# Black Halloween Xmas Tree With Skellies and Ghost vid



## Fright Zone (Sep 28, 2006)

It's worth taking a look at her Black Halloween Xmas Tree With Skellies and Ghost and skellie earring.

This was somehow a related video on the side of my yardhaunt2000 youtube channel. Maybe because her ID is "grav3yardgirl" (it's cool I admit)

I'm sure not promoting this girl's videos. But I didn't feel like taking screen grabs, changing pngs to jpgs, then putting them in a shutterfly gallery just to show a cool HWXmas tree idea :

Warning: Turn off the sound ie. her annoying voice.


----------



## Fright Zone (Sep 28, 2006)

If you search "black christmas tree" they actually do sell them. Which I figured they did. I didn't think she'd actually spray paint one ^o^


----------



## corey872 (Jan 10, 2010)

OK - turned the sound off and just finished watching the whole 24 minutes! Thanks for sharing!
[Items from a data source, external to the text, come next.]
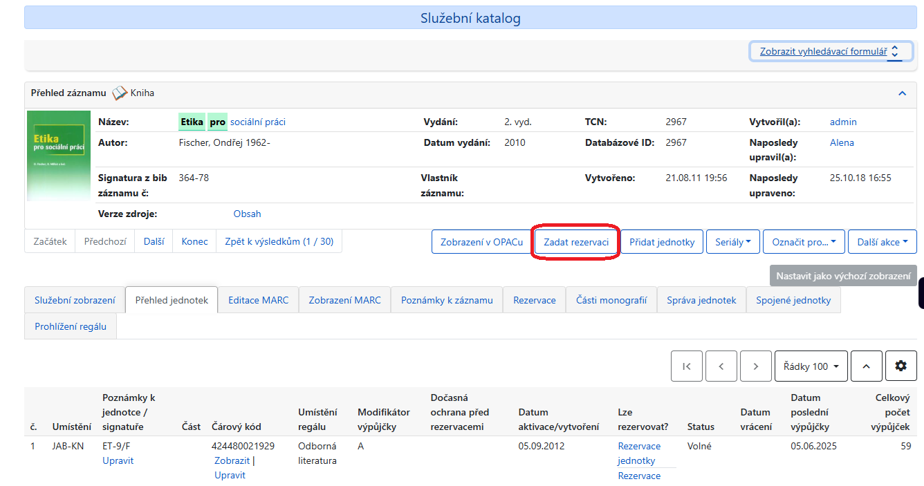 - V seznamu výsledků vyhledávání klikněte napravo vedle požadovaného titulu na zelené tlačítko „Zadat rezervaci“ nebo v detailním záznamu klikněte na tlačítko „Zadat rezervaci“ na liště tlačítek (viz obrázek níže).
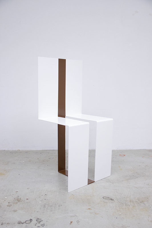 J’eus soudainement envie de rendre hommage à ce petit objet si simple, trois bandes en carton, en dessinant une chaise qui reprendrait ses proportions exactes.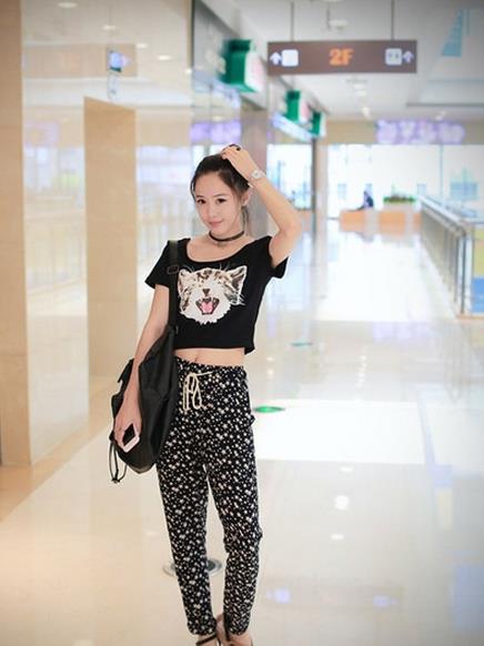 动物图案黑色短袖上衣,还是露脐装的设计,是不是更加有个性呢?搭配碎花哈伦裤,抽绳款式,休闲风格,穿在身上舒适有型。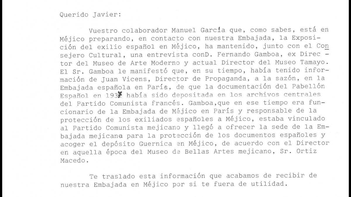 Álvaro González de Mesa, director general de Relaciones Culturales del Ministerio de Asuntos Exteriores, escribe a Javier Tusell, director general de Bellas Artes, acerca de la documentación del Pabellón Español de 1937 relativa a Guernica.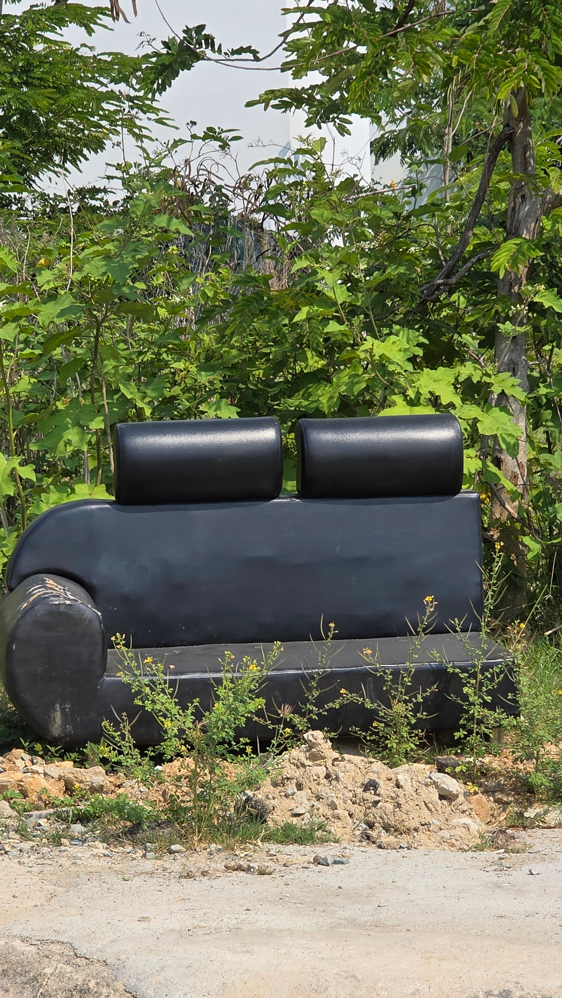A black, modern-style sofa sits outdoors in Bắc Nha Trang, Vietnam. The sofa, featuring two cylindrical back cushions and a rounded end, is positioned on a patch of dirt and gravel alongside a concret…read more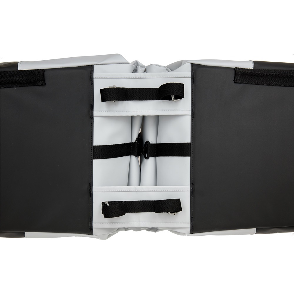 Deze fietstas bevestigt u eenvoudig aan uw bagagedrager met de twee verstelbare riempjes en klittenband. Met het klittenband aan de onderkant van de tas zorgt u voor extra stabiliteit aan de fiets. De open bovenkant tussen de twee tassen in zorgt ervoor dat de snelbinders bereikbaar blijven.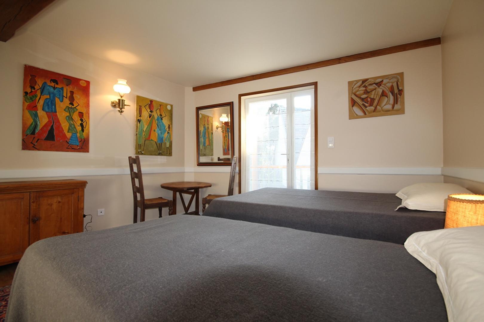 Composition : Maison de village mitoyenne jouxtant un gîte appartenant également au propriétaire (maison individuelle sur la propriété / totale indépendance). Wifi. Chauffage central gaz. Poêle bois dans pièce de vie. Chambre double au 1er étage (lit 1 p. 120x190cm + lit 1 p. 90x190cm) salle d'eau privative (douche/Wc). Petits-déjeuners servis dans le séjour du propriétaire. Balcon abrité + mini jardinet privatifs. Terrain clos. Parking privé. Local vélos. Restaurants & commodités dont supermarché à 5 km.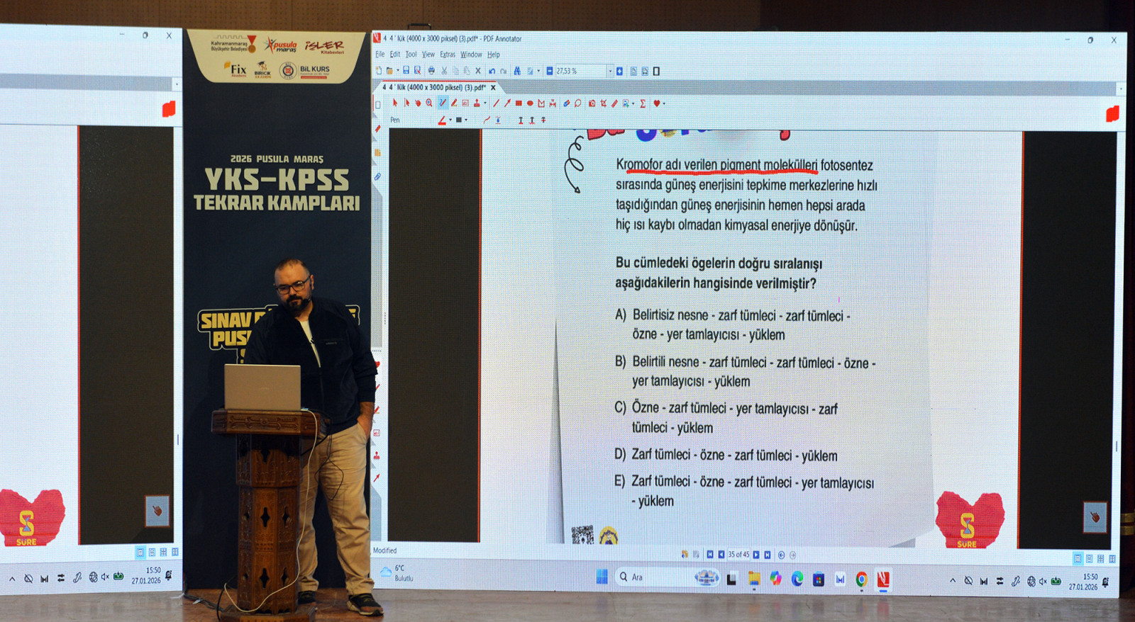 Kahramanmaraş Büyükşehir Belediyesi, gençlere yönelik projelerini her geçen gün çeşitlendirerek sürdürüyor. Genç Başkan Fırat Görgel’in öncülüğünde, gençlik markası Pusula Maraş’ın koordinesinde eğitimde “Fırsat Eşitliği” anlayışıyla hayata geçirilen Yükseköğretim Kurumları Sınavı (YKS) kampı, sınav hazırlığında olan öğrenciler için önemli destekler sunuyor. Mehmet Akif Ersoy Kültür Merkezi’nde gerçekleştirilen ve Türkçe dersi ile devam eden kampta eğitim camiasının saygın isimleri İbrahim Karataş ve Osman Ömür Neslihanoğlu öğrencilerle bir araya geldi. Uzman eğitmenler, Türkçe dersini kapsamlı bir şekilde ele alarak öğrencilere konuların püf noktalarını, pratik soru çözümlerini, sınavda zamanı verimli kullanma stratejileri hakkında altın değerinde bilgiler aktardı.
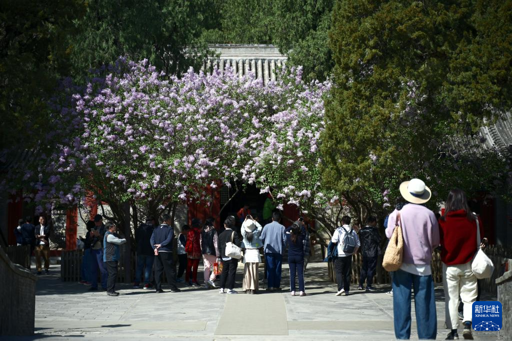 4月6日,游客在北京大觉寺拍摄盛开的鲜花。
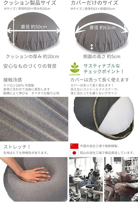 ・カバー素材 接触冷感ストレッチ生地 自社の中国工場で縫製しています。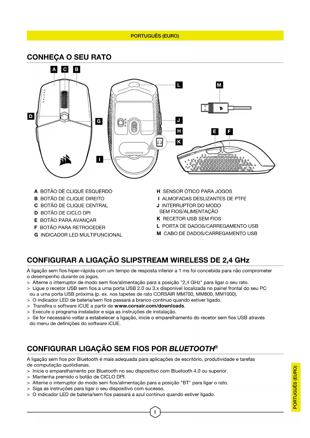 CONFIGURAR A LIGAÇÃO SLIPSTREAM WIRELESS DE 2,4GHz A ligação sem fios hiper-rápida com um tempo de resposta inferior a 1ms foi concebida para não comprometer o desempenho durante os jogos. > Alterne o interruptor de modo sem fios/alimentação para a posição "2,4GHz" para ligar o seu rato. > Ligue o recetor USB sem fios a uma porta USB2.0 ou 3.x disponível localizada no painel frontal do seu PC ou a uma porta USB próxima (p. ex. nos tapetes de rato CORSAIR MM700, MM800, MM1000). > O indicador LED de bateria/sem fios passará a branco contínuo quando estiver ligado. > Transfira o software iCUE a partir de www.corsair.com/downloads. > Execute o programa instalador e siga as instruções de instalação. > Se for necessário voltar a estabelecer a ligação, inicie o emparelhamento do recetor sem fios USB através do menu de definições do software iCUE. CONFIGURAR LIGAÇÃO SEM FIOS POR BLUETOOTH
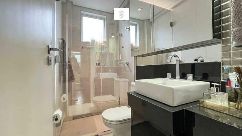 Banheiro social com bancada em granito, pia em cuba espelho, armários planejados e box em blindex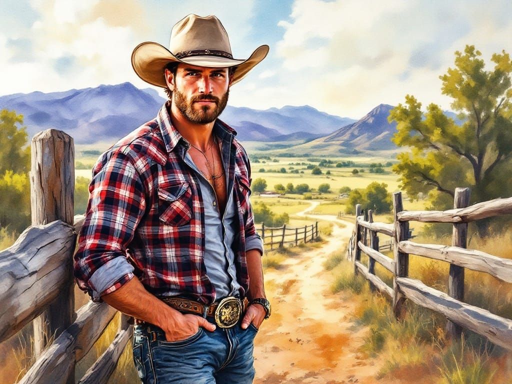 This watercolor painting depicts a handsome cowboy standing confidently against a warm and inviting ranch backdrop, with lush pastures and a majestic mountain range softly fading into the distance.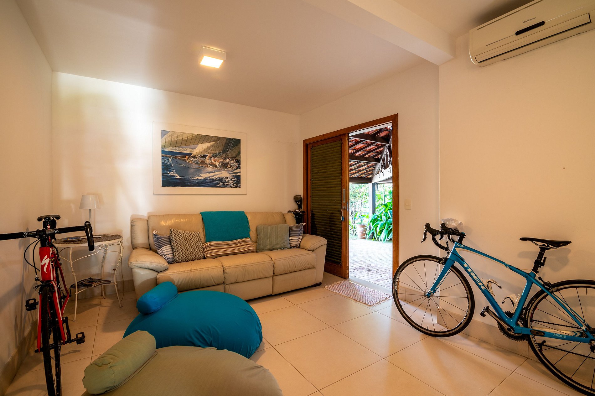 Ambientes arejados e bem iluminados; salas de jantar e estar integradas, em um ambiente com uma linda parede de pedras e grandes portas de vidro que dão acesso à varanda. A casa conta com uma sala de TV aconchegante e mais reservada. Mobiliário aconchegante e elegante, e decoração sofisticada e praiana. Todos ambientes têm ar-condicionado.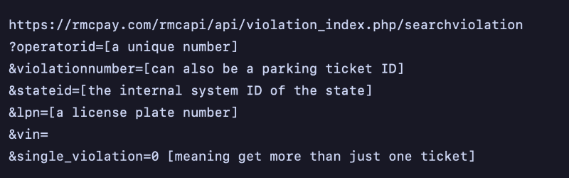 My personal favorite feature is the Pay Now button. Because I have the data of the city and the associated payment subdomain, you theoretically could pay someone's parking ticket for them!
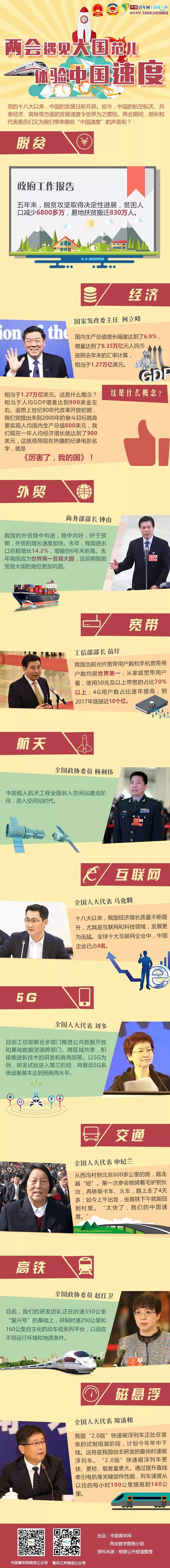 党的十八大以来,中国的发展日新月异。如今,中国的航空航天、共享经济、高铁等方面的发展速度令世界为之震惊。两会期间,部长和代表委员们又为我们带来哪些“中国速度”的声音呢?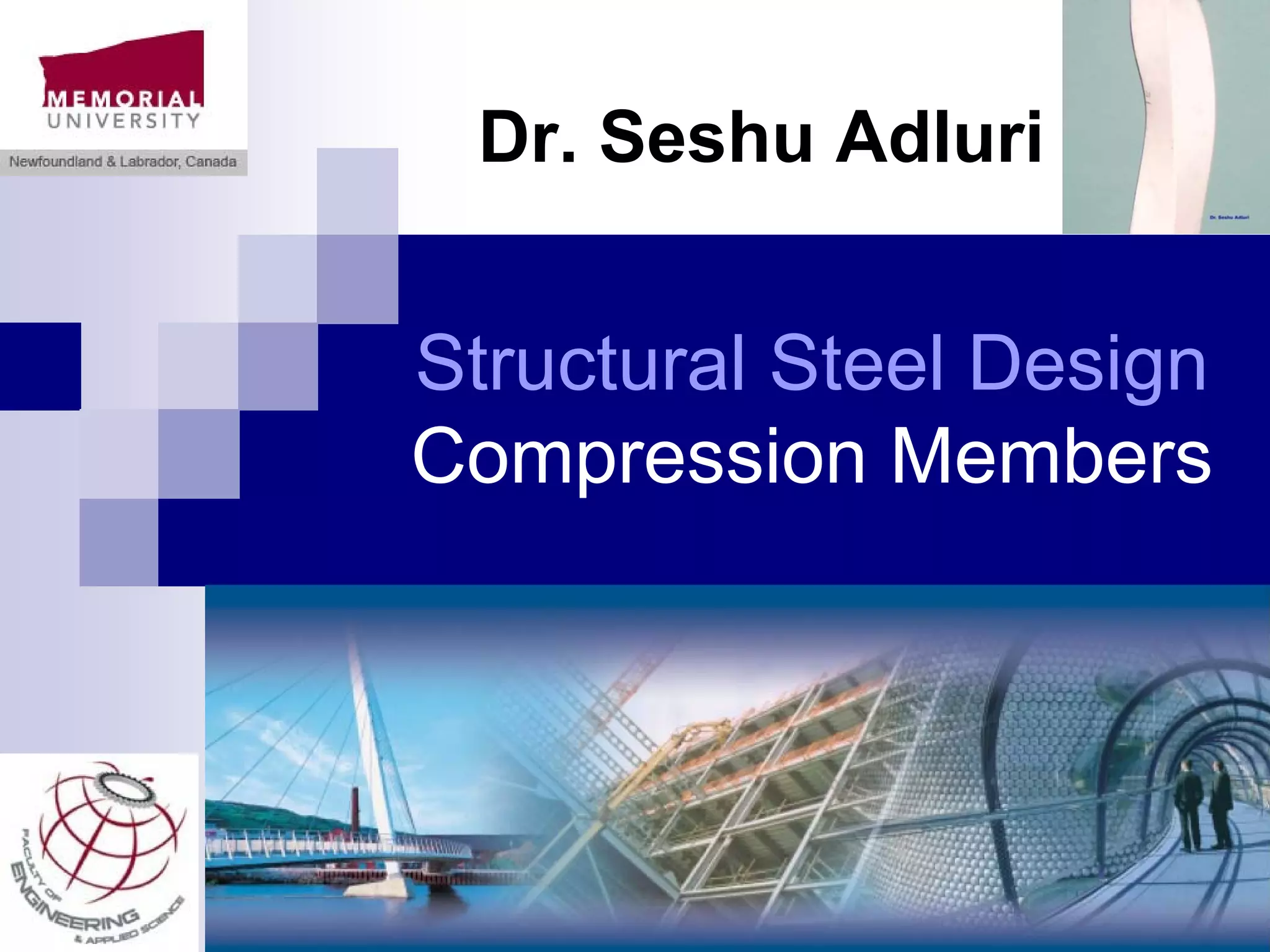 The document discusses compression members in structural engineering. It covers various types of compression members like columns in buildings, trusses, bridges, and towers. It discusses concepts like buckling, effective length, slenderness ratio, and different buckling modes. It provides examples of column shapes and failures. Formulas for critical load and effective length factors are presented. Considerations for real columns like residual stresses and initial imperfections are also covered.

Interesting her tree still has needles / leaves. Mine was always more of a dead / sticks / branches thing with the usual skulls, skeletons, pumpkins, orange / purple lights, etc.


----------



## Fright Zone (Sep 28, 2006)

Tell you the truth I didn't bother to notice it was a painful 24 minutes long lol I'm guessing the one she has is artifical. It's something I never gave a thought to. It's a great idea.


----------



## LittleBlueBMW (Nov 4, 2010)

I have a black one for Xmas. I think I need a bigger one this year.


----------



## scareme (Aug 29, 2006)

I like the tree. The purple looks good on black.


----------



## Fright Zone (Sep 28, 2006)

yeah she did a nice job from what's visible. She really loaded it up with skellies. So the contrast really works. It's probably a good idea keeping orange or any kind of lights off of it and just sticking to the big skeletons. You're right the purple is a nice accent. The earring's a nice touch :


----------



## Palmdale Haunter (Mar 3, 2012)

I once saw a tutorial from Martha Stewart where she painted an artifiacal Christmas tree by float inning oil based paint on water in a trash can. Then dipping the tree trough the paint...


----------



## Fright Zone (Sep 28, 2006)

This is funny. For kicks I googled "Martha Stewart paint dip black christmas tree" your post in this thread is 5 down


----------